「沒淋濕吧,路上有點塞,所以到的有點晚,我原本擔心你沒有帶傘。」袁堯君解釋道。
「我沒有等很久。」曉碧忍不住問道:「為什麼是學長來接我,奕傑呢?」
「奕傑在家裡,我打電話過去時他正要出門,我想下雨他騎機車不方便,而我反正也要去找劭瑋,所以就順便過來接你一起過去。」
雖然是順便,但曉碧仍然很高興,她看著眼前不斷移動的雨刷,車廂內陷入了一陣沉默。
「一向都是你上台北來看奕傑嗎?」
聽見他突然開口這麼問,她一時聽不明白他話中之意,只能一臉困惑的看著他的側臉。
發現她沒有回應,袁堯君轉頭看了她一眼,將她的困惑看在眼裡,而他也困惑了,決定換個方式問。「當初為什麼不選擇台北的學校?」
曉碧愣了一下,這——原因就坐在自己的身旁,但她能說嗎?不想和他生活在同一個城市中,現在卻和他共乘一部車。事情似乎總是不能如她所預期的進行,只能怪自己的心意不夠堅決吧。
袁堯君見她依舊沉默不語,關切的開口詢問道:「怎麼了,曉碧,是不是哪裡不舒服?」
「沒什麼,我只是……」只是不想回答你的問題。「我坐車上來有些累了,所以精神不太好。」
「是嗎?」看著她略顯蒼白的臉色,的確是沒什麼精神的樣子,而他不樂意見到她這麼疲憊的模樣,看了就覺得心裡難受。「那麼你閉上眼睛休息一下吧,等到了我再叫你。」
曉碧依言閉上雙眼,用黑暗來取代他的影像,將她最大的煩惱來源逐出她的視線,不看不想也不聽。
***
曉碧躺在草地上,望著湛藍的天空,一朵雲緩緩的飄了過來,唔,好像冰淇淋喔!秋天的天空真是漂亮呀,今天是假日,原本打算回家的,卻又有些懶,終究還是留了下來。
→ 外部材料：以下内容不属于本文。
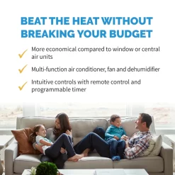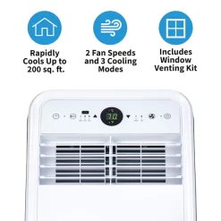 - Compact portable air conditioner quickly and evenly cools up to 200 square feet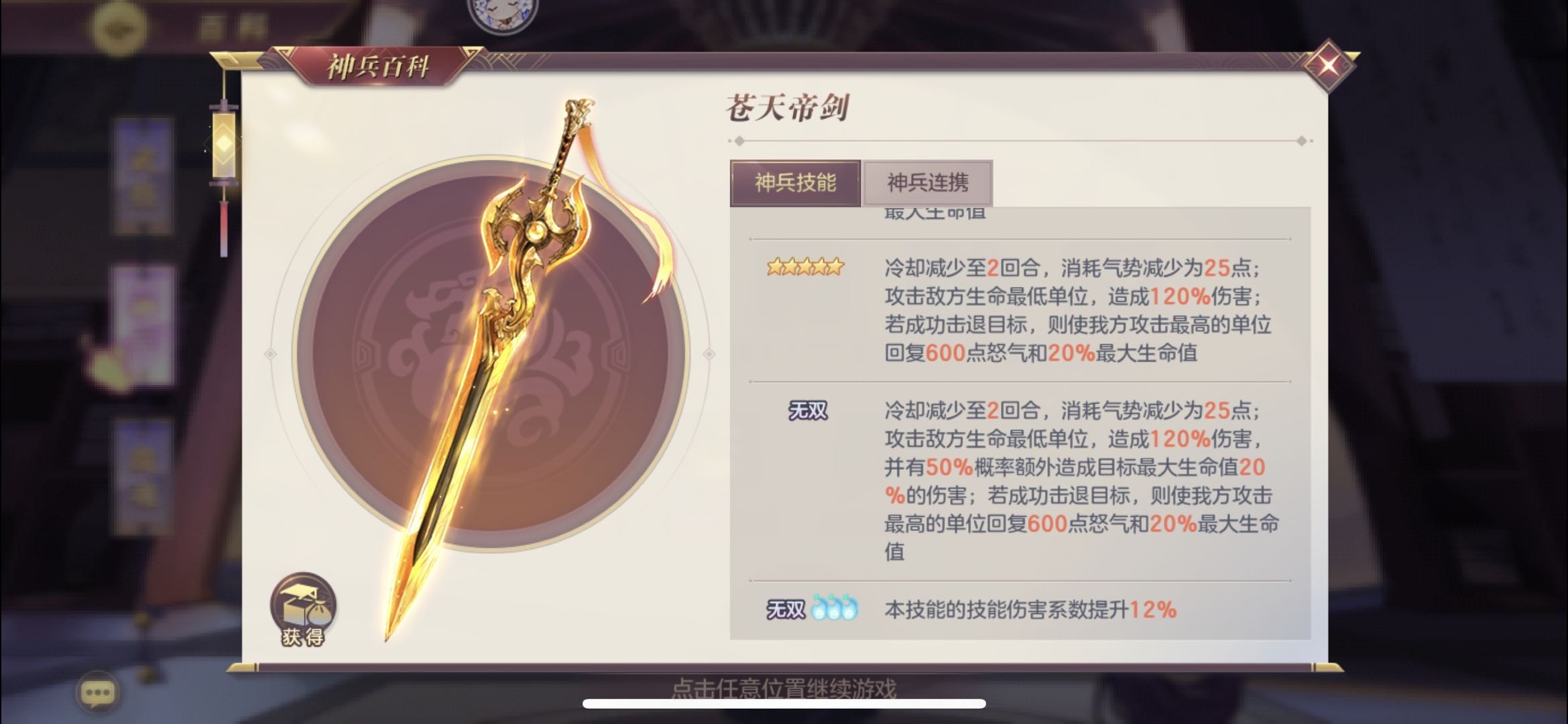 【帝剑】虽然是初始的蓝色神兵 但在原先版本依旧是非常强力并且有相当出场率的一个神兵 其特点用“斩杀”两字来描述 再贴切不过 无双之后 多出来了“50%概率的额外20%最大生命值”伤害 斩杀能力进一步提升

奕傑這個禮拜還是有打電話問她要不要上去,她回絕了,並且在心中下了決定,以後如非必要,她不會輕易再上台北。
「曉碧。」
曉碧沒有起身的打算,聽聲音已知道來人是誰,沒想到他居然找到這裡來。
楊嘉文在曉碧身旁坐下。「終於找到你了,最近你一放假就往台北跑,要找你還真不容易。」
曉碧雙臂枕著頭看他一眼。「找我有什麼事嗎?」
她和楊嘉文念同一所學校但不同系,她念化工,楊嘉文則是電機系的,見面的機會不少,而楊嘉文自從高一時兩人認識之後,便表示了追求之意,而她自一開始便拒絕了。可是楊嘉文並未就此放棄,改以朋友的身份出現在她身邊,幸好他並不是很纏人,算是個不錯的朋友。
「我和幾個同學等下要去打保齡球,你要不要一起去?」
「保齡球?可是我打得很差。」
楊嘉文爽朗一笑。「沒關係,只是玩玩而已嘛。打得好不好無所謂。」
曉碧考慮了會兒,點點頭,跟大伙出去玩玩鬧鬧也不錯,總好過躺在這裡看著天空發呆吧,發呆也不是不好,只是會胡思亂想而已。
一群人就這樣出去,直到晚上九點多時才回到宿舍。曉碧一進入寢室,她的室友魏盈盈就告訴她有人打電話給她。
「誰啊?」曉碧一邊脫下外套,一邊問。
「他說他姓袁。」
曉碧一震,是袁學長嗎?「他說了什麼嗎?」
「他說他星期四要來新竹,他會再打電話給你。」
看來應該是袁學長沒錯,但他為什麼會打電話給她呢?曉碧百思不得其解,她是不是應該要打電話問一下,可是她並不知道學長的電話,那麼學長是怎麼知道她的電話呢?唉,看來今天晚上她別想好好睡覺了。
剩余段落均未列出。